En effet, tout l’intérêt de ce début de ralliement démocrate à une poussée populiste dont il devrait être naturellement et historiquement partie prenante est de savoir la durée et la profondeur de la poussée populiste dans et autour de Tea Party, avec Coffee Party éventuellement, – qu’importent les étiquettes, Grand Dieu. On peut d’ailleurs très bien imaginer qu’un ralliement de pur opportunisme politique à l’origine se transforme en embrigadement durable si Tea Party & compagnie continuent à grossir, à s’affirmer, à se transformer en une marée irrésistible. Allez jusqu’au bout du raisonnement et imaginez qu’un jour pas si lointain, le tout-Washington sera devenu adepte de Tea Party & compagnie et violemment anti-Washington. Le désordre, vous dit-on…
Cela, d’autant plus qu’il faudra plus qu’une déclaration de Pelosi pour que la poussée populiste devienne adepte des politiciens repentis et en cours de reconversion populiste. Jusqu’ici, les mouvements de récupération des partis de l’establishment du mouvement populiste se sont soldés par des échecs cuisants, et c’est plutôt le contraire auquel on assiste: une récupération rampante, après avoir eu les gages et les certitudes qui importent, de certains politiciens tournant le dos au système et ralliant le mouvement populiste aux conditions, d’ailleurs assez confuses, de ce mouvement, – sinon, certifiée et garantie, la fureur anti-Washington, c’est-à-dire la position antisystème fondamentale. Là encore, le désordre joue à plein, et aussi l’absence de programme des populistes. Cela interdit aux politiciens leurs habituelles campagnes de récupération par la démagogie du programme et les obligent simplement à adopter une furieuse rhétorique anti-Washington. Le désordre, vous répète-t-on…
Objectivement observé, ce mouvement qui s’amorce chez les dirigeants démocrates a également la vertu du naturel. Il devrait rencontrer chez les militants du parti, jusqu’ici frustrés de ne pouvoir exprimer leur colère, certains votant déjà républicains en désespoir de cause (comme dans le Massachusetts le 19 janvier), un écho considérable. Dans ce cas également, l’événement peut déclencher un effet multiplicateur, comme une digue qu’on ouvre.

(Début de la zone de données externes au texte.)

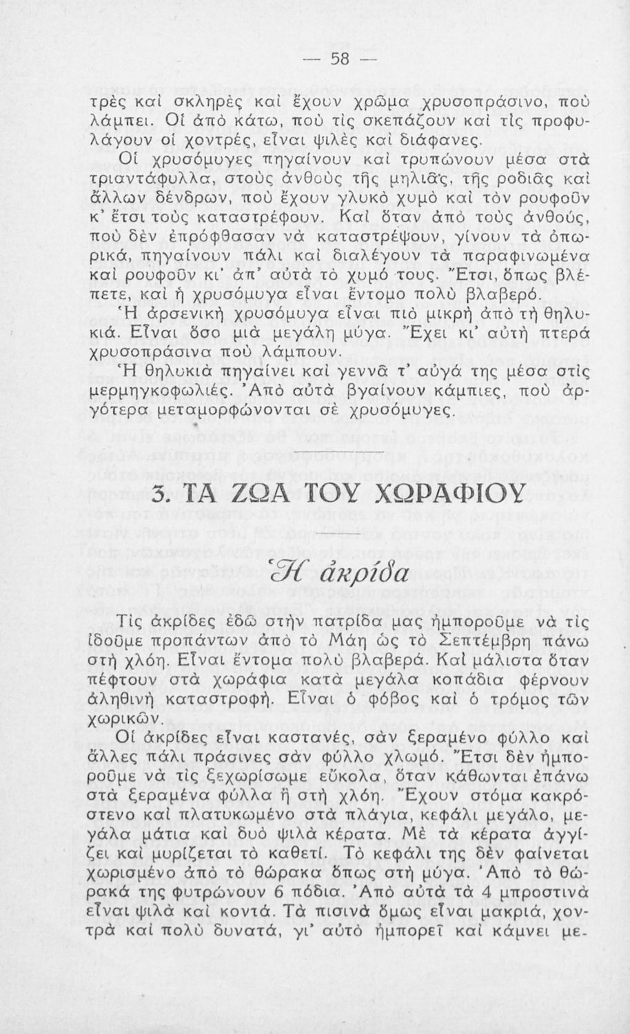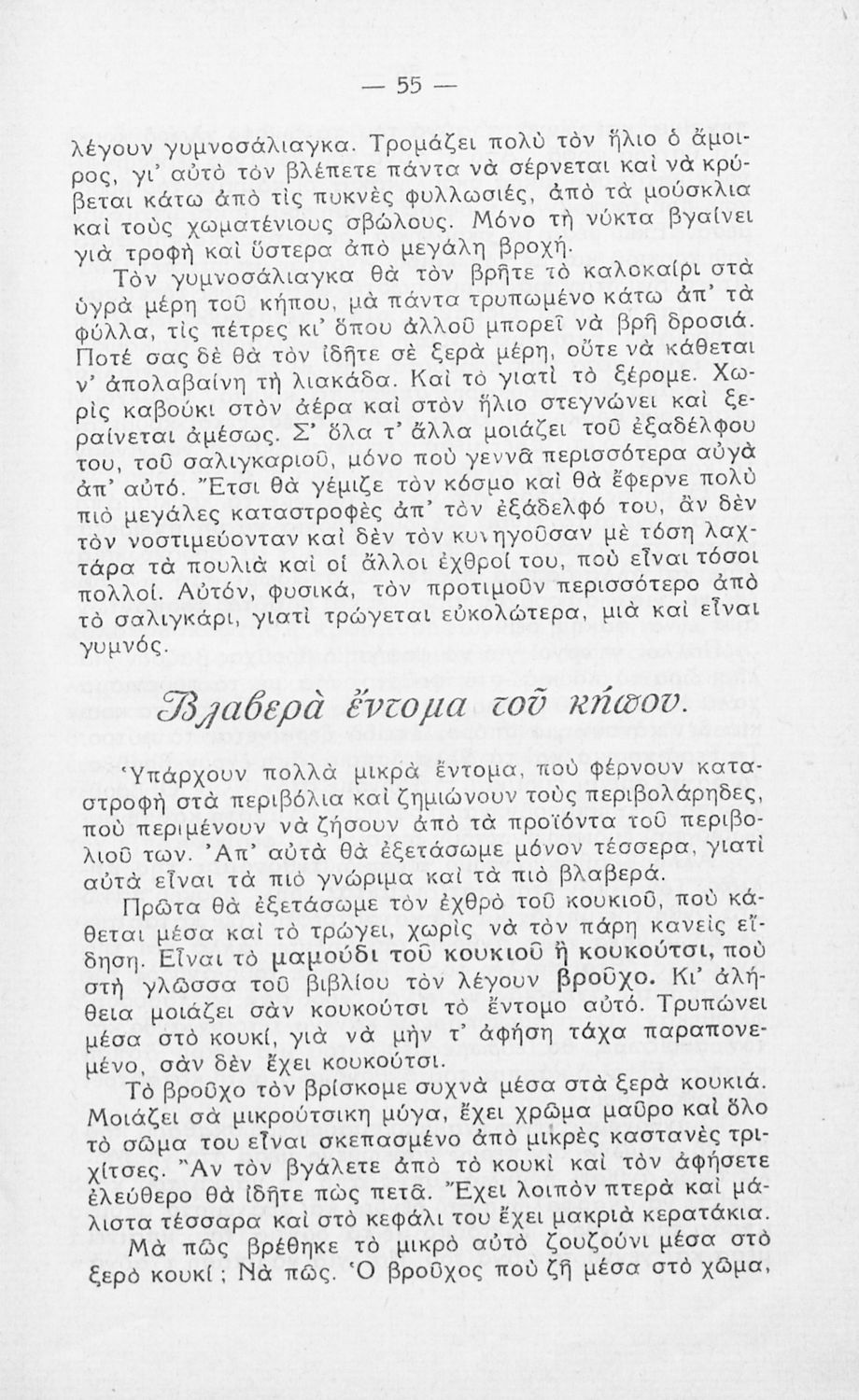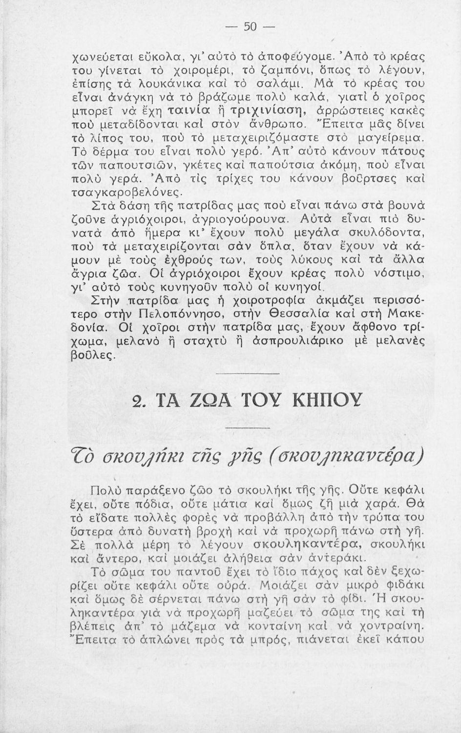 Σχολικό εγχειρίδιο Φυτολογίας και Ζωολογίας της Γ ΄ Δημοτικού το οποίο παρουσιάζει τα είδη των φυτών και ζώων του σπιτιού, του κήπου και του λιβαδιού.
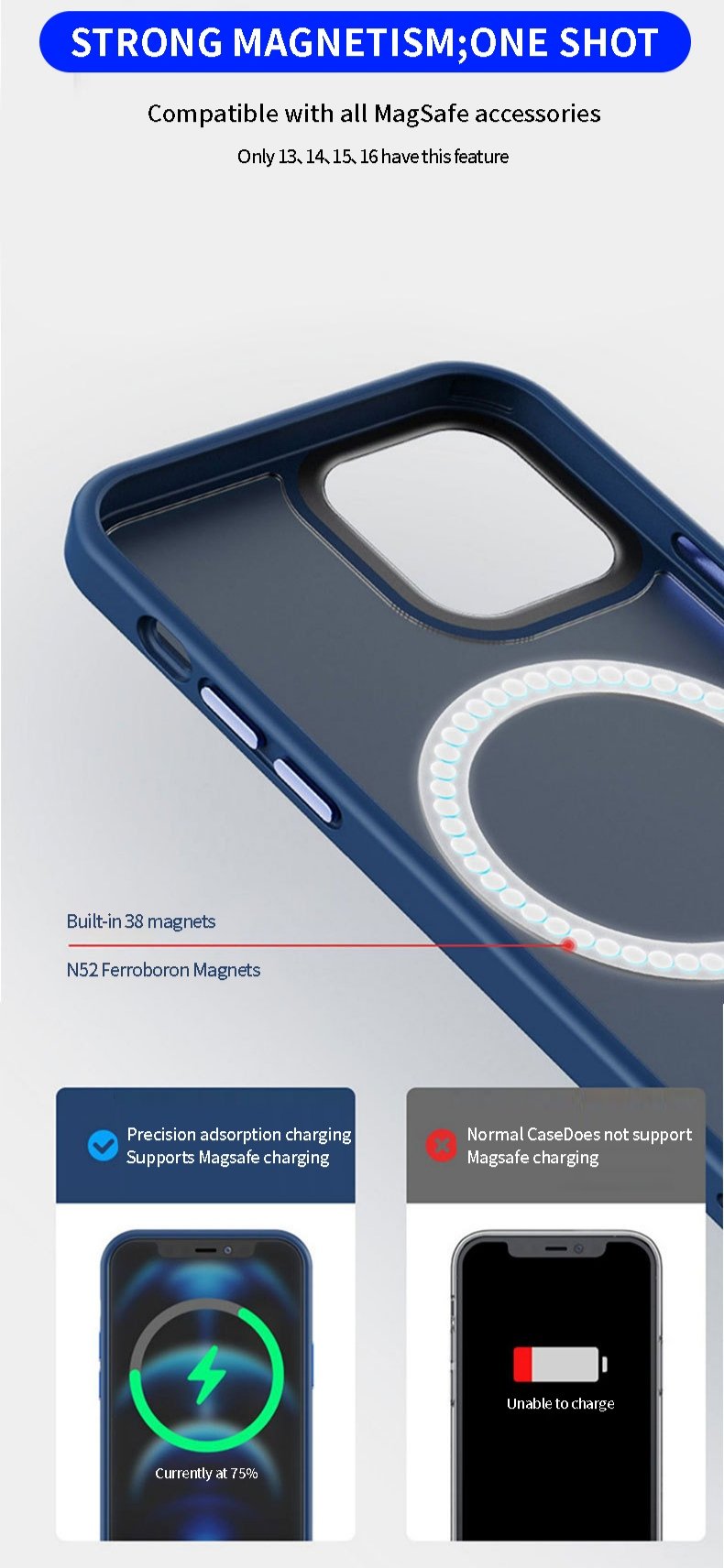 The built-in super magnets can strengthen the magnetic connection and ensure auto-alignment to make wireless charging faster and safer than before. It’s compatible with all Qi-certified chargers, wireless chargers, and car mounts. Our iPhone Case will not fall, no matter how it shakes.

Enfin, la déclaration de Pelosi doit avoir, à Washington même, un effet important. Elle représente la deuxième fonction du système, à la fois présidente de la Chambre, – cette assemblée beaucoup plus populiste que le Sénat, – et troisième dans la succession à la fonction suprême après le président et le vice-président, en cas de malheur pour les deux premiers. C’est une personnalité tout en haut du système qui reconnaît que l’attaque populaire furieuse contre le système est justifiée. Sollicitée ou pas, intéressée ou non, cette déclaration reste porteuse de la solennité de celle qui l’a faite. C’est une voix d’importance, venu du cœur et du sommet du système, qui dit aux foules en colère qui maudissent le système: eh bien, au fond, vous n’avez pas tort. Le désordre, en vérité, la seule chose qui puisse menacer sérieusement le monstre.